3.8. Pathway enrichment analysis of IPSLUAD
To further investigate molecular functions of IPSLUAD in immune systems, a GSEA was performed based on GO Biological Process Ontology and KEGG gene sets. Two significant immune‐related pathways were identified, namely innate immune response activating cell surface receptor signaling and interleukin 1 mediated signaling pathway (Figure 8A‐D). Again, close associations between genes of IPSLUAD and innate immunities were validated through this result.
4. DISCUSSION
With rapid developments of molecular biology and high‐throughput sequencing, contributions of tumor microenvironment to cancer developments, progressions, and metastases have been increasingly acknowledged in recent years. 32 , 33 There is a complex dynamic crosstalk between tumor and non‐cancer cells including infiltrated immune cells and adjacent stroma cells. 32 However, tumors are considered as autonomous subjects by TNM staging system, which ignores significant effects of TIME. In the present study, a novel 4‐gene immune‐related prognostic signature was developed to assist TNM staging for more accurate predictions.
Several immune‐related signatures for LUAD have been used to divide patients into different prognostic subgroups in previous researches. 14 , 15 , 16 A list of genes for model constructions was extracted from public immune databases or through differential analyses. In contrast, we applied a different selection method based on co‐expression networks, which might identify immune‐related genes that had not been reported. In addition, by means of deliberately adding noises during model constructions, IPSLUAD was found to be robust with respect to OS predictions in various independent data sets. Both multivariate and subgroup analyses stratified through TNM staging suggested that IPSLUAD be used as an independent prognostic factor. Furthermore, IPSLUAD outperformed other immune‐related signatures in both early‐stage LUAD and multicenter cohorts. Therefore, IPSLUAD could not only significantly supplement traditional staging systems, but also be used as an accurate OS predictor for patients with LUAD.

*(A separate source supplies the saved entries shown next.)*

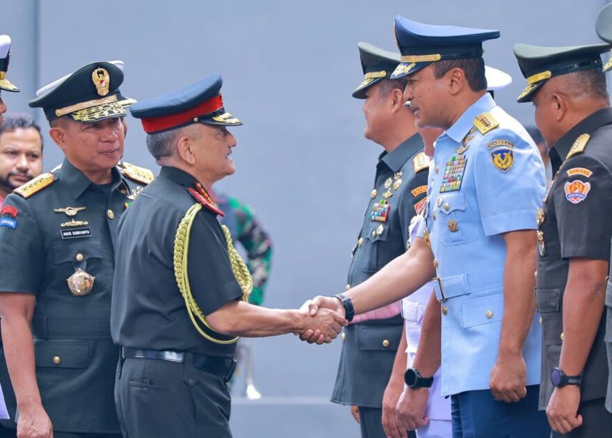 JAKARTA, Cakra101.com – Kepala Staf Angkatan Udara (KASAU) Marsekal TNI M. Tonny Harjono, S.E., M.M., mendampingi Panglima TNI Jenderal TNI Agus Subiyanto menerima kunjungan Panglima Angkatan Bersenjata India, Jenderal Anil Chauhan di Halaman Subden Merdeka Barat, Jakarta, Selasa (28/10/2025).
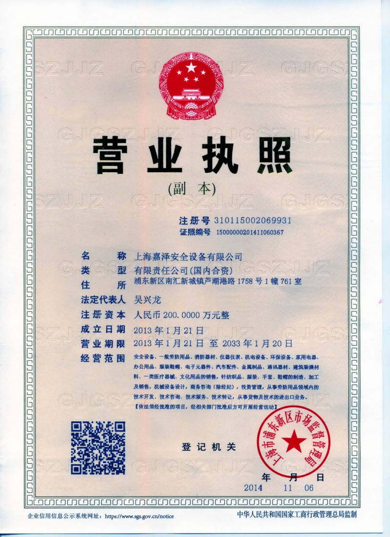 經(jīng)營范圍:安全設(shè)備、勞防用品、消防器材、儀器儀表、機電設(shè)備、環(huán)保設(shè)備、紡織品、服裝、手套、鞋帽的制造、加工及銷售; 從事貨物及技術(shù)的進出口業(yè)務(wù) 證書圖片 |
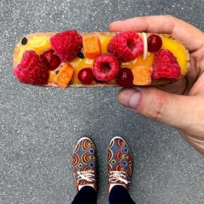 Très présent sur les réseaux sociaux, Tal Spiegel utilise l’image comme un prolongement naturel de son travail. La mise en scène de ses desserts, soignée et cohérente, participe à la construction de son univers. Loin d’un simple effet esthétique, cette communication visuelle renforce son propos : la pâtisserie est aussi un médium artistique, capable de dialoguer avec les tendances graphiques et culturelles actuelles.
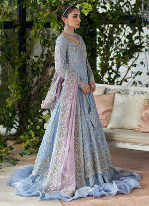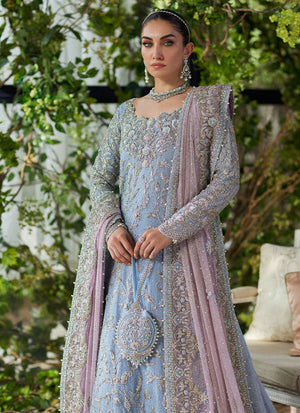 A contrasting light mauve pure net dupatta completes the ensemble, featuring blue edging and exquisitely detailed Art Nouveau-inspired borders. Intricate 3D organza flowers and heavy chan booti work all over add a touch of romance and sophistication to this breathtaking bridal look.

Among the four genes in IPSLUAD, ECT2, and PPIA were widely studied in previous researches. ECT2 was recognized as an oncogenic gene necessary for Kras‐Trp53 lung tumorigeneses in vivo. 34 Liu et al also reported on collaborations of ECT2 with growths of lung squamous cell carcinomas promoted by PRKCI. 35 It was suggested by Meta‐Analysis that ECT2 was a promising prognostic factor in cancers. 36 PPIA is a housekeeping gene involved in several cancers including NSCLC, pancreatic adenocarcinomas as well as head, and neck squamous cell carcinomas. 37 , 38 , 39 PPIA was also reported to participate in tumor proliferations and invasions. 40 However, relationships between immune cells and these genes have not been illustrated. Although little is known about roles of ARNTL2 and TUBA4A in LUAD, ARNTL2 was reported to be associated with tumor progressions and metastases in colorectal and breast cancers. 41 , 42 TUBA4A was found highly expressed in exosomes secreted by NSCLC cell lines in vitro. 43 Underlying mechanisms of these two genes in LUAD still need further cellular‐level explorations.

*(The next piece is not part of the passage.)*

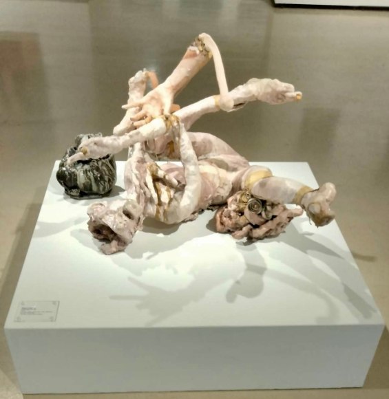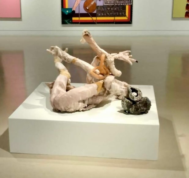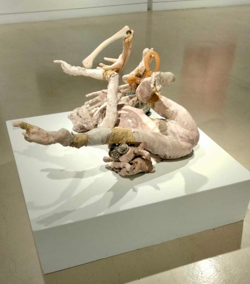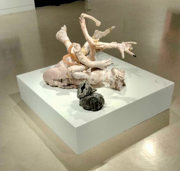 Using a traditional sculptural format (the monument), Meghan Smythe captures contradicting extremes within human gesture: intimacy and brutality, beauty and ugliness, or the lewd and tender. In her attempt to achieve an "elegant vulgarity," she encapsulates moments that define our mortality in unanticipated ways; oftentimes toeing the delicate line between erotic and macabre tendencies that give way to life, and ultimately death. Glass, ceramic, and concrete are woven together in an elaborate, orgy-like web of body parts and organic artifacts, as if suddenly cast with Pompeii-like circumstances. Like excavated antiquities or fossils, Smythe's ceramic compositions allude to the cyclical nature of civilization - a dramedy in which all of the players are subject to conquest and demise.

Infiltrated immune cells constitute important parts of tumors and have been widely studied in recent years. Certain immune cell types were found to be indicative of responses to immunotherapies and OSs. Based on quantifications and locations of demonstrated T cells, the immunoscore developed by Galon et al showed superior predictive accuracies in prognoses compared to that of traditional TNM staging in colorectal carcinomas. 44 High‐level expressions of PD1 or PD1 and CTLA4 on infiltrated CD8+ T cells were reported to be predictive of responses to ICIs in NSCLC. 45 In addition, dysfunctional T cells were also considered as predictive markers of immunotherapeutic responses in melanomas. 46 Since T cells were at the central position of antitumor immunity, a novel algorithm named ImmuCellAI was implemented to evaluate the abundance of infiltrated immune cells in TCGA cohort. 13 Compositions of 18 T cell subsets can be calculated by ImmuCellAI, which is of superior accuracies than other frequently‐used methods including Cibersort and Timer. 11 , 12 , 13 In addition to differences in multiple T cell subsets among IPSLUAD subgroups, one more intriguing finding was the significantly different pattern of innate immune systems.

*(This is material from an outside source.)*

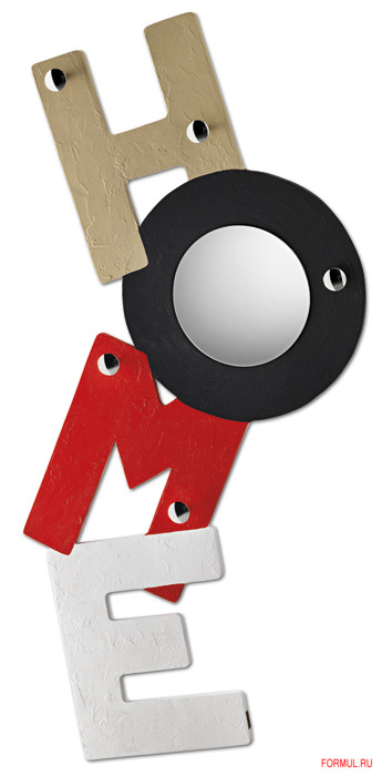 Создана из четырех ярких букв, как бы нанизанных друг на друга и сложенных в слово HOME: бежевый, черный, красный и белый с крапинками-зеркалами и с крючками для одежды. Гармонично, ярко и в современном духе.

In respect of innate immunity, some types of cells including DCs and macrophages are context‐specific that may exert either protumorigenic or antitumorigenic functions. 47 The most popular “don't eat me” signals including CD47 and CD24 have been extensively studied, and drugs targeted at these molecules are currently under prudent trials. 48 , 49 High expressions of CD47 were also found to be associated with worse prognoses in various types of tumors. 50 Through previous researches, innate immunity might play a more important role in the field of antitumor therapies. However, clinical significances of different innate immune statuses observed among IPSLUAD subgroups need further systematic explorations.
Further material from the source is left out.